After a wild and fluid two-month campaign by more than a dozen
candidates, Mohamed Morsi of the Muslim Brotherhood and Ahmed Shafik,
a former air force general who served as President Hosni Mubarak’s
final prime minister, emerged with the most votes on Friday,
according to independent tallies and the official state news media.
Mr. Morsi won about a quarter of the vote and Mr. Shafik slightly
less, effectively reprising the power struggle decades old between a
military-backed, secular strongman and Islamists from the Muslim
Brotherhood. At least for the moment, the results appeared to dim the
hope that last year’s popular uprising would open a middle path,
transcending divisions that kept Egypt paralyzed between fear of
religious radicalism and fear of the secular police state.
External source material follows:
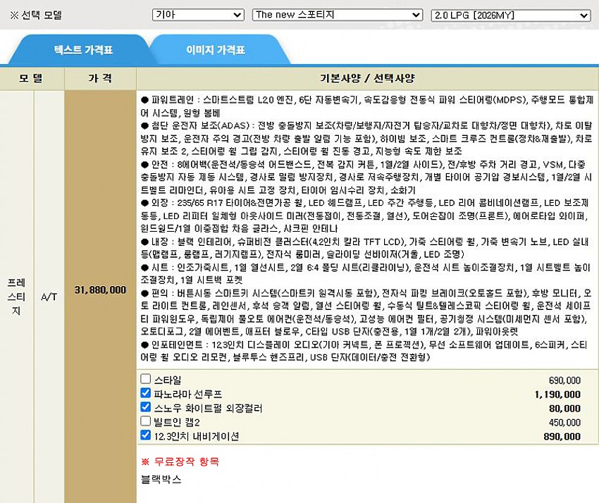 ▶ 차종 및 등급 : 기아 더뉴 스포티지 2.0_LPG_프레스티지_26MY

The outcome provoked frantic warnings on Friday of either a
counterrevolution should Mr. Shafik win, or an Islamist takeover,
should Mr. Morsi emerge as the next president. The candidates who
tried to offer a more unifying vision — and were critical of both the
Mubarak era and the Brotherhood — failed to overcome the deep
divisions in Egyptian society.
The result will be a runoff that offers a wrenching choice for the
majority of voters who cast their ballots for one of the other
“It is a shock,” said Ahmed Kabany, 38, an engineer, after the
voting. “I don’t want either one, so I am not going to vote.”
Although Mr. Shafik never explicitly promised to resurrect the old
order, he campaigned as a strongman who would crack down on street
protests, restore law and order and check the power of the Islamists.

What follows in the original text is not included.